Gdybania szczerze nie znoszę i unikam za wszelką cenę, jednak zastawialiście się może, jak komicznie wyglądać będzie Wasza decyzja, jeśli w zimowym okienku transferowym z Dortmundu odjedzie Lewandowski (np. do United), Piszczek złapie kontuzję, a Błaszczykowski straci miejsce w wyjściowej jedenastce?

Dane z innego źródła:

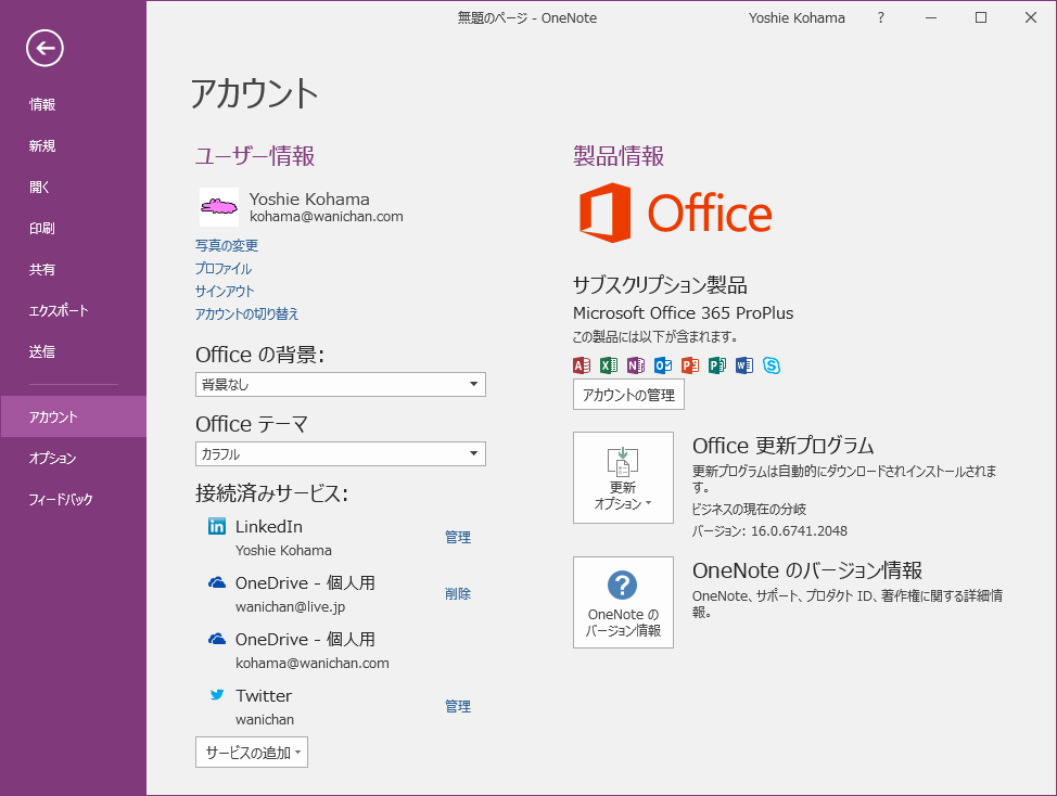 - [ファイル]タブを開き、[アカウント]タブを開きます。

Może mecz w Doniecku okaże się nudnym spotkaniem, w którym na początku pierwszej połowy gospodarze zdobędą gola i ograniczą się do bronienia wyniku, a goście pełni wiary w przekonujące zwycięstwo w rewanżu nigdy nie pokwapią się tak naprawdę do ataku w celu odrobienia strat?

A gdyby tak, przyznać, że nie spodziewaliście się takiego odzewu kibiców rozczarowanych wybranym przez Was spotkaniem, ale szczerze wierzycie, że podjęta decyzja była słuszną, bo przesiąknięci do szpiku kości patriotyzmem uważacie, że jako Polacy powinniśmy wspierać naszych rodaków? Korony by Wam z głów chyba nie pospadały?